As he acknowledged, there are many wealthy people but that does not mean they got their wealth through corruption or abuse of power. Furthermore, there is no law in our country to prevent people from getting rich.
The crux of the matter is how to uncover or detect whether a politician or public servant or anyone else for that matter is seen to be corrupt. If you were a public servant all your life, you could never become a multi-millionaire or have a few million ringgit from your salary and retirement gratuity alone no matter how high your position was.
You would not be able to support a lifestyle that does not commensurate with your pension or own expensive cars like Porsche, Mercedes or BMW and luxury houses or apartments and membership in prestigious and expensive clubs. If you can have these, then you must have huge savings hidden somewhere or a substantial amount of inherited wealth.
Just check their background from their service records in the case of public servants. If you are a politician, depending on the number of terms you serve as a wakil rakyat and regardless of the positions you hold, you also cannot become a millionaire or have a few million ringgit unless you have other side incomes that are far bigger than what you receive from your political appointments.

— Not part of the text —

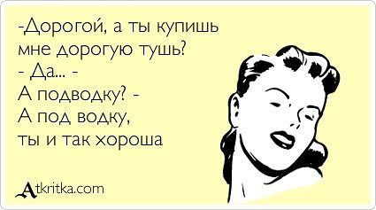 моя жена не женщина!!!!!!!!!! Про пилки знает меньше, чем про классификацию болтов,винтов и гаек! Бляяяяя...... ТСссс...не пали контору - перехватят!!!! сам себе начнешь завидовать!!! ))) -------------------- А всё таки прав был Кутузов: что бы спасти Россию надо сжечь Москву!!!

For public servants and politicians, we know the amount they receive in salaries and allowances. But we don’t know how much ministers earn apart from their official salaries as they also receive other allowances which are kept confidential. These can be fairly substantial and could exceed their official salaries, but they still cannot become millionaires after completing their terms of office.
In the 60s and 70s, salaries for ministers, including the prime minister, were published in the annual budget presented to Parliament. It was public knowledge back then but it isn’t so now.

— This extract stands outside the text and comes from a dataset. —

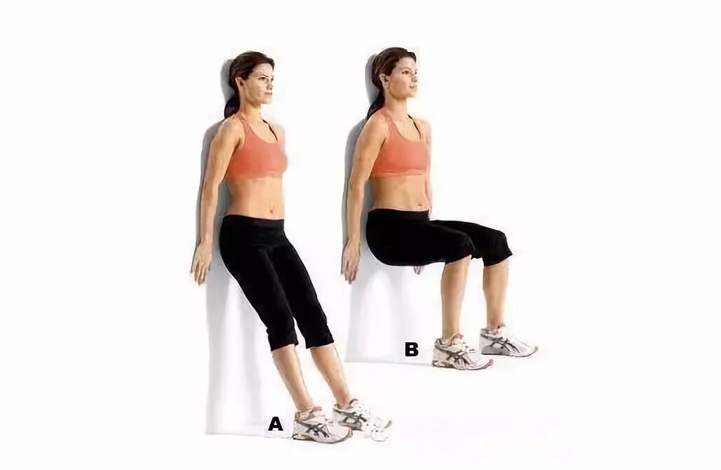 静立后靠半蹲:身体站直,背部贴近墙面(任何固定物体都可以),挺胸抬头,双脚分开与肩同宽,脚尖向前,慢慢下蹲,背部不可离开墙面,直到膝关节有酸胀感时停住不动(腿后夹角不可低于90度,具体角度要根据自己情况来调节),直到双腿酸胀明显颤抖为止,起身后慢走放松。3次为一组,每次间隔1分钟。
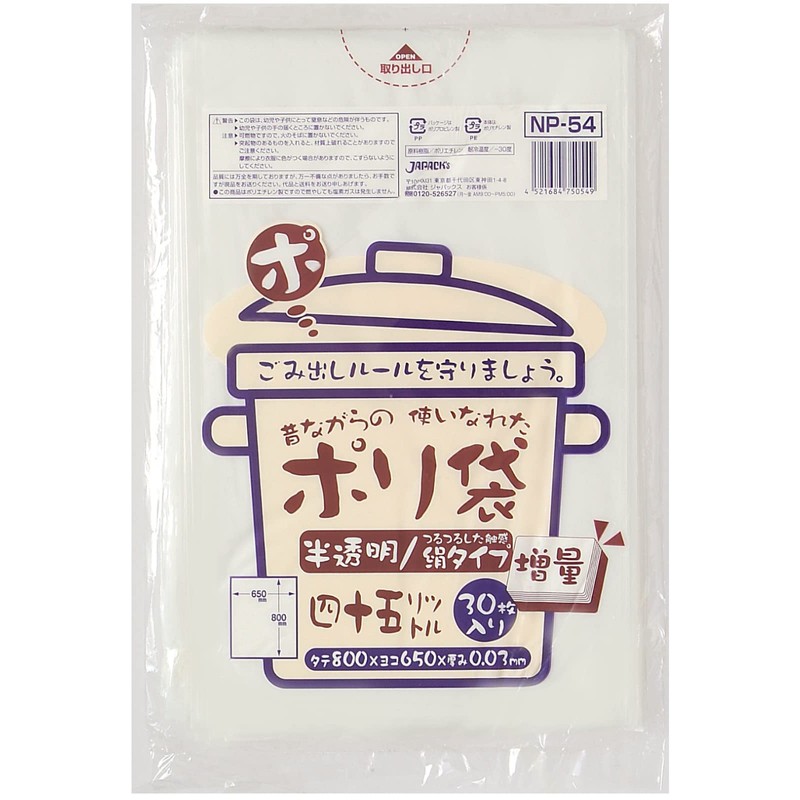 Japax Traditional Plastic Bags, Translucent, 1.6 gal (45 L), 30 Sheets

For both politicians and public servants, it is fairly easy to detect who is living a lifestyle that’s beyond their legitimate incomes. If the MACC cannot identify them, then there is something wrong somewhere.
In fighting corruption, public information and cooperation are vital. The Whistleblower Protection Act is very helpful although people generally are still sceptical and even fearful of taking advantage of it to help the authorities because they think they would get in trouble in the end.

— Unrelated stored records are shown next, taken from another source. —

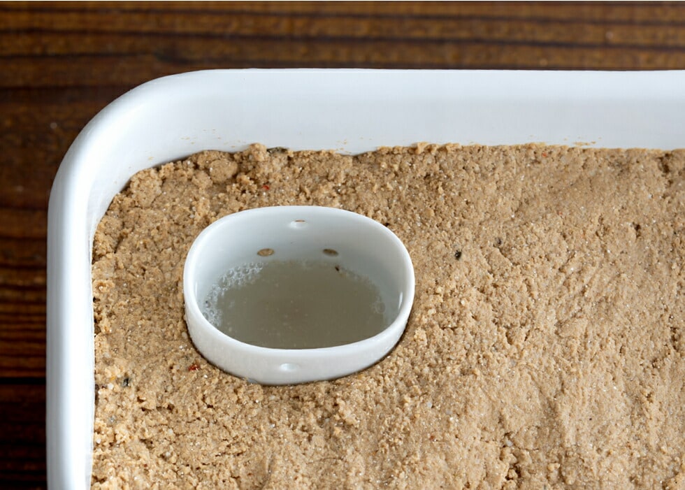 野菜など食材を漬けているうちに、ぬか床が水っぽくなってきたら付属の水取器で水分調整が簡単にできます。まず水取器の穴がぬかに埋まるところまで差し込み、余分な水分が溜まったら水を捨てます。水取器も磁器製で衛生的に保てます。
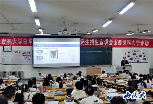 畢業生就業指導中心主任郭建鍇致歡迎辭,他表示,c7c7.app與原白求恩醫科大學歷史淵源深厚,近幾年每年均有30余位山醫學子被吉林大學白求恩醫學部錄取。他希望通過本次宣講能夠為學生做好考研指導,有更多的優秀學生考入吉林大學白求恩第二醫院。
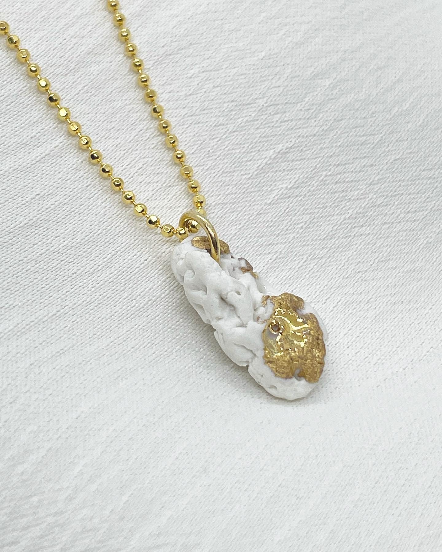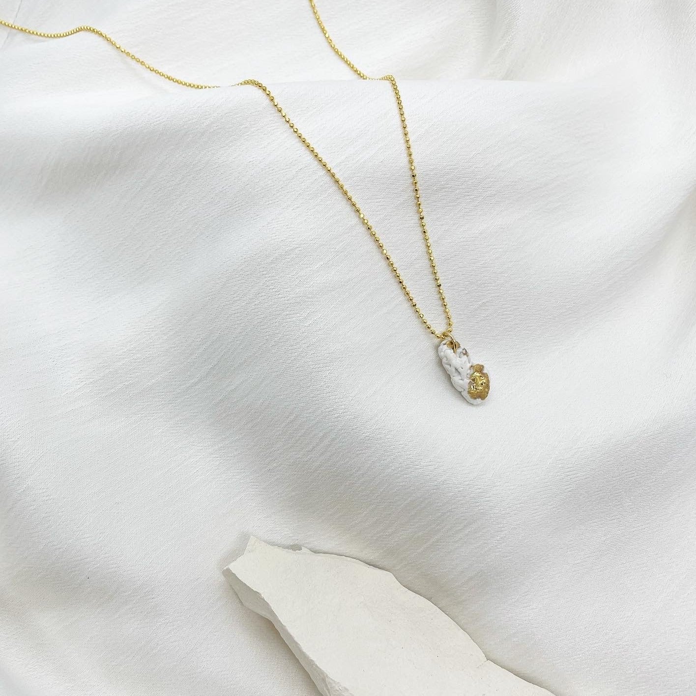 Uvær is a jewellery series in hand-formed porcelain with 925 silver/gold-plated rims. The series is based on observation of the small, broken but complete surroundings in Norwegian nature.

In this respect, the MACC must also rely on other sources like flying letters and grapevine stories even though these may prove to be untrue or sound like witch-hunting.
Flying or anonymous letters are usually written after observing, for instance, individuals who become rich suddenly while in service or immediately after retiring in the case of public servants or after serving one or two terms in office for politicians.
Public servants are quite smart at hiding their wealth rewards (money, physical assets and etc) by having proxies (individuals or companies) to look after their interests while they are in service. And some are able to rope in powerful and influential individuals who provide them with the necessary protection against possible investigation. This can happen quite easily in any organisation where corruption is already endemic or institutionalised, as in some government organisations of late. This is quite rampant and much talked about especially by the Y generation who are a very informed and enlightened lot.
It is up to the MACC team to keep their ears and eyes close to the ground and at the same time to “sniff” the environment when anything suspicious is raised by flying letters, public gossip and even coffeeshop talk.
The suspects must be continuously watched and trailed. Don’t just confine the exercise to people who are still in service. Go after those who have retired as well, especially those who are living a luxurious lifestyle and own assets that do not commensurate with their known legitimate incomes.
One powerful tool to use to pin down any suspect is the Income Tax Act which compels individuals to prepare a full income statement under a statutory declaration as provided by Section 79 of the Act.
If the MACC is allowed to use this Act, it would achieve two objectives simultaneously – detect if there was tax evasion on the one hand and a prima facie case of corruption if the person cannot account for all his incomes and expenditures on the other.